**TASK OBJECTIVE**
Write out every line below again exactly as it stands, skipping each image.

**EXERCISE DATA**
================

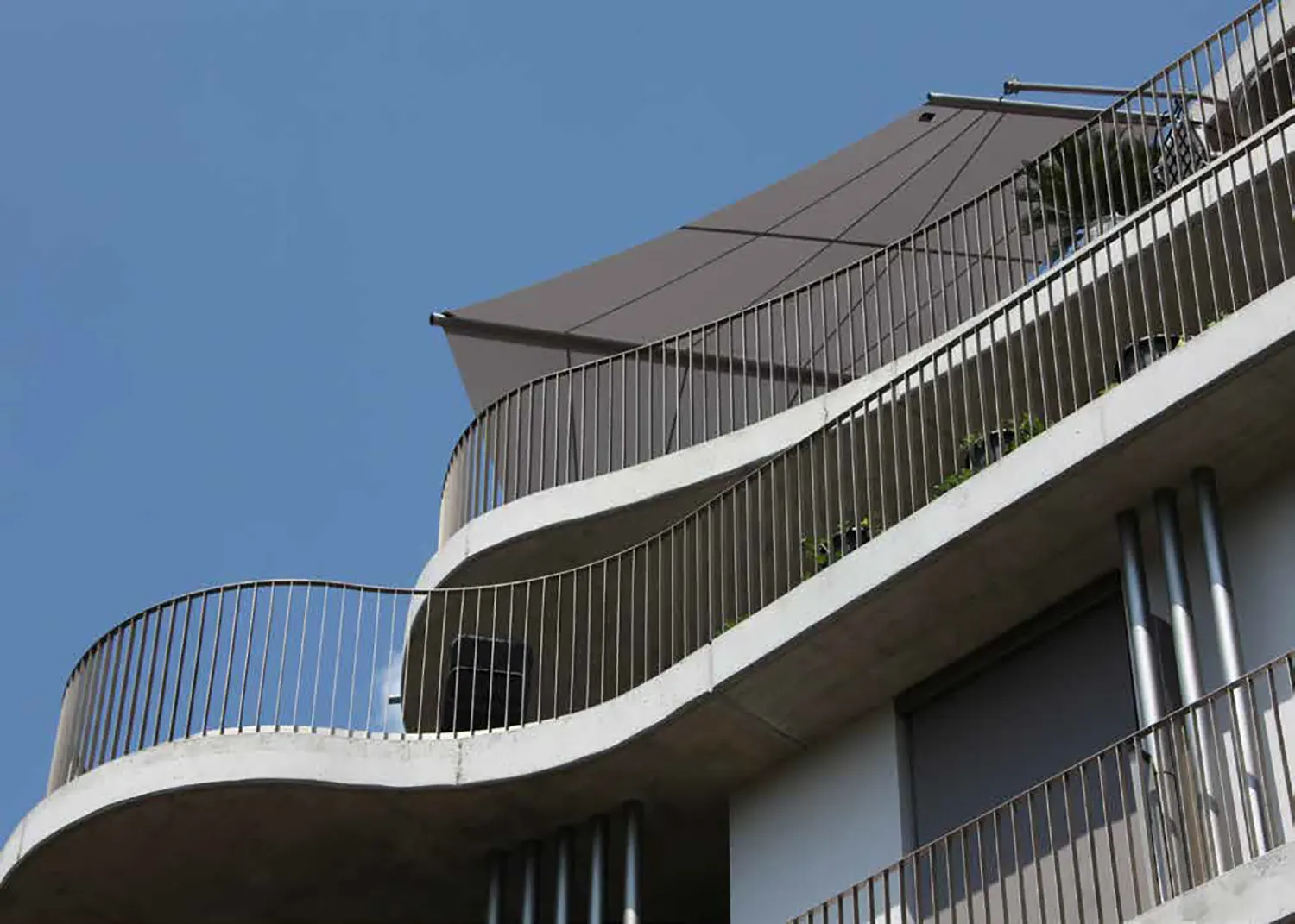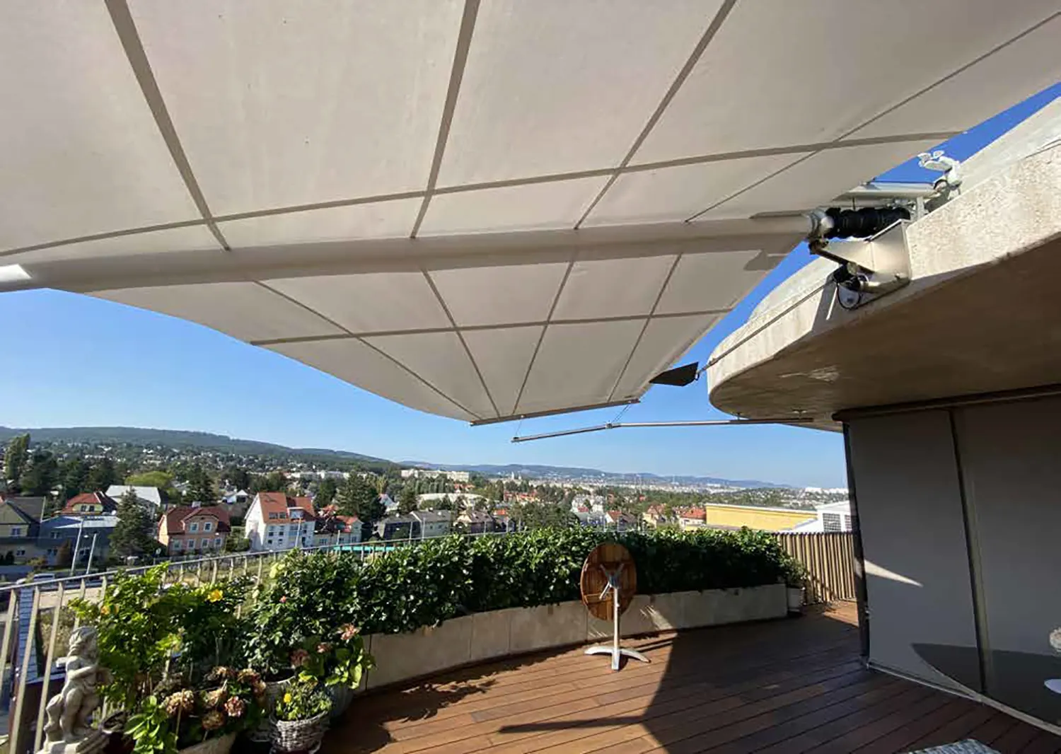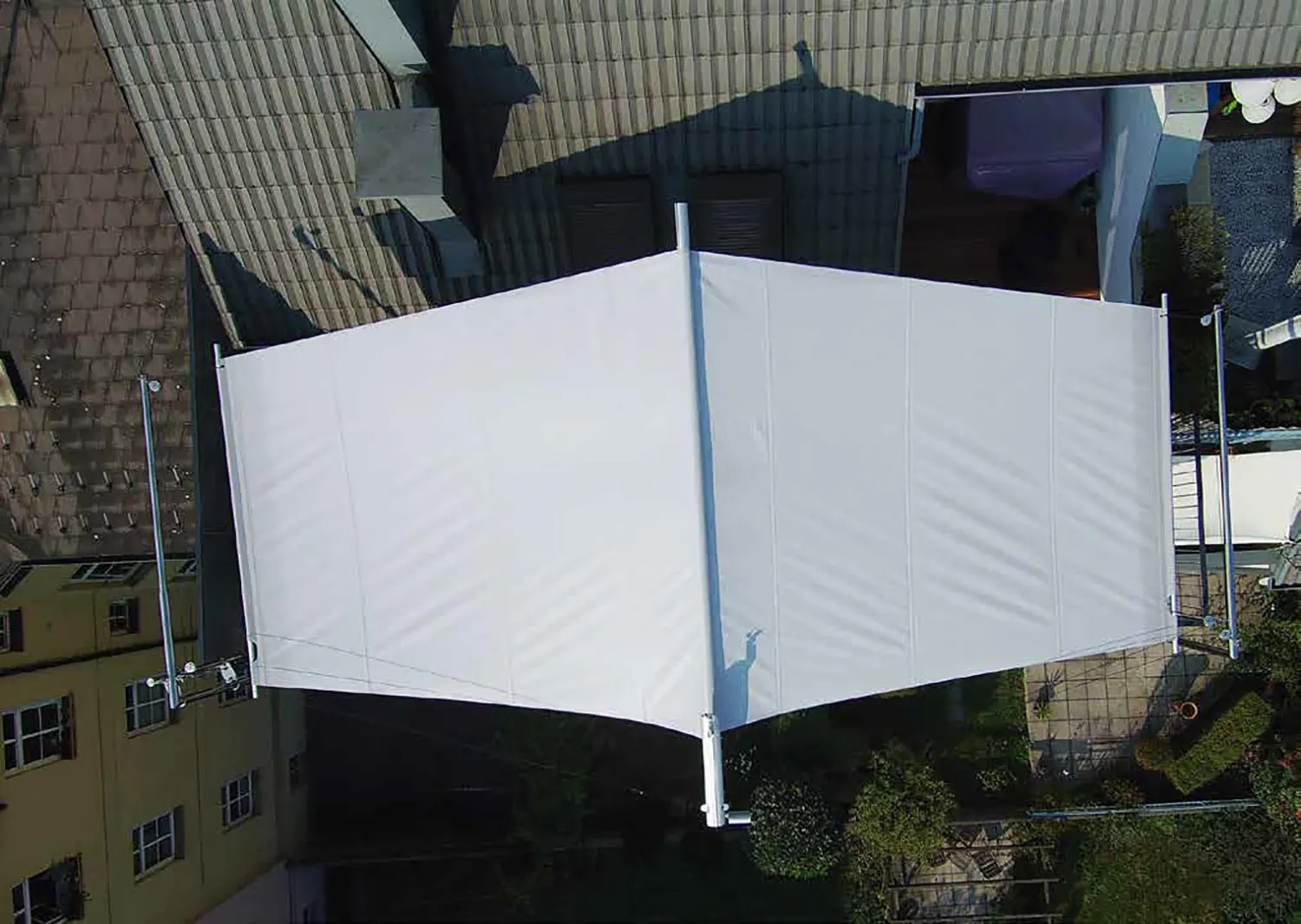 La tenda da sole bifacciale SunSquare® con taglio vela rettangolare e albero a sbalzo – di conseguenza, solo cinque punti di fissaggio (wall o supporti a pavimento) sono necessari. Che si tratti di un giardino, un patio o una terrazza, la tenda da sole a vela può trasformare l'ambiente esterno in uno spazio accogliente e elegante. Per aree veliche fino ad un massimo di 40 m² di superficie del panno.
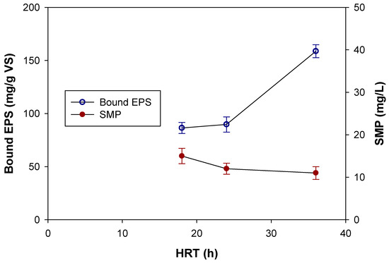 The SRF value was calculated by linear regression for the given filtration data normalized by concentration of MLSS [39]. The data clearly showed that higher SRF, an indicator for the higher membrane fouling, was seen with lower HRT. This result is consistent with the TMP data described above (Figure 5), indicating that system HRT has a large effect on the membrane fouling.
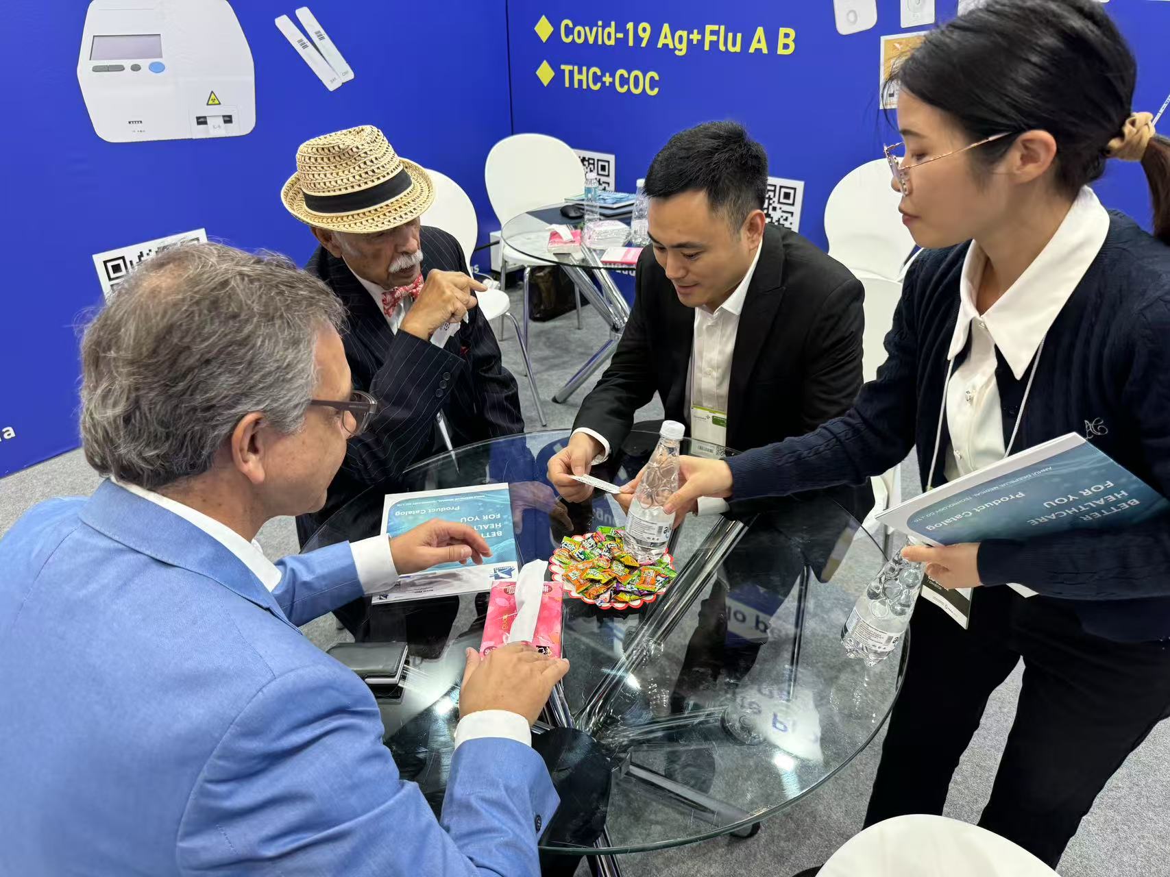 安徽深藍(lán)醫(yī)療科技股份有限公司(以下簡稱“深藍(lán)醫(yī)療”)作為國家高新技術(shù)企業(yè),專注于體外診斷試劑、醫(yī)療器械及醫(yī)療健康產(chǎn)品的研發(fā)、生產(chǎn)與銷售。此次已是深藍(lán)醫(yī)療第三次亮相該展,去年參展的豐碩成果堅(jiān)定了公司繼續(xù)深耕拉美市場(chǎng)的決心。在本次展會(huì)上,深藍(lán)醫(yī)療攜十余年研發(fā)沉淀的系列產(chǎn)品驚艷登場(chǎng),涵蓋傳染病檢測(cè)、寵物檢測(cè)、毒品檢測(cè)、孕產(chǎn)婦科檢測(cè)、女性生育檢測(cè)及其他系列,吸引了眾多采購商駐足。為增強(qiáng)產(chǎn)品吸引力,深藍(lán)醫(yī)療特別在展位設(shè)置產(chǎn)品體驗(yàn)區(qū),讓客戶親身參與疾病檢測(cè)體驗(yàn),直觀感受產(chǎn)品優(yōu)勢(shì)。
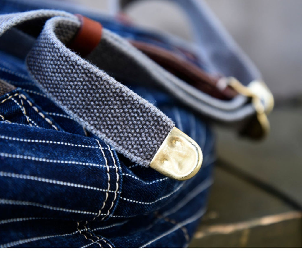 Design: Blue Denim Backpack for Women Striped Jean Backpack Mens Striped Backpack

================

**SOLUTION TO THIS EXERCISE**
 La tenda da sole bifacciale SunSquare® con taglio vela rettangolare e albero a sbalzo – di conseguenza, solo cinque punti di fissaggio (wall o supporti a pavimento) sono necessari. Che si tratti di un giardino, un patio o una terrazza, la tenda da sole a vela può trasformare l'ambiente esterno in uno spazio accogliente e elegante. Per aree veliche fino ad un massimo di 40 m² di superficie del panno.
 The SRF value was calculated by linear regression for the given filtration data normalized by concentration of MLSS [39]. The data clearly showed that higher SRF, an indicator for the higher membrane fouling, was seen with lower HRT. This result is consistent with the TMP data described above (Figure 5), indicating that system HRT has a large effect on the membrane fouling.
 安徽深藍(lán)醫(yī)療科技股份有限公司(以下簡稱“深藍(lán)醫(yī)療”)作為國家高新技術(shù)企業(yè),專注于體外診斷試劑、醫(yī)療器械及醫(yī)療健康產(chǎn)品的研發(fā)、生產(chǎn)與銷售。此次已是深藍(lán)醫(yī)療第三次亮相該展,去年參展的豐碩成果堅(jiān)定了公司繼續(xù)深耕拉美市場(chǎng)的決心。在本次展會(huì)上,深藍(lán)醫(yī)療攜十余年研發(fā)沉淀的系列產(chǎn)品驚艷登場(chǎng),涵蓋傳染病檢測(cè)、寵物檢測(cè)、毒品檢測(cè)、孕產(chǎn)婦科檢測(cè)、女性生育檢測(cè)及其他系列,吸引了眾多采購商駐足。為增強(qiáng)產(chǎn)品吸引力,深藍(lán)醫(yī)療特別在展位設(shè)置產(chǎn)品體驗(yàn)區(qū),讓客戶親身參與疾病檢測(cè)體驗(yàn),直觀感受產(chǎn)品優(yōu)勢(shì)。
 Design: Blue Denim Backpack for Women Striped Jean Backpack Mens Striped Backpack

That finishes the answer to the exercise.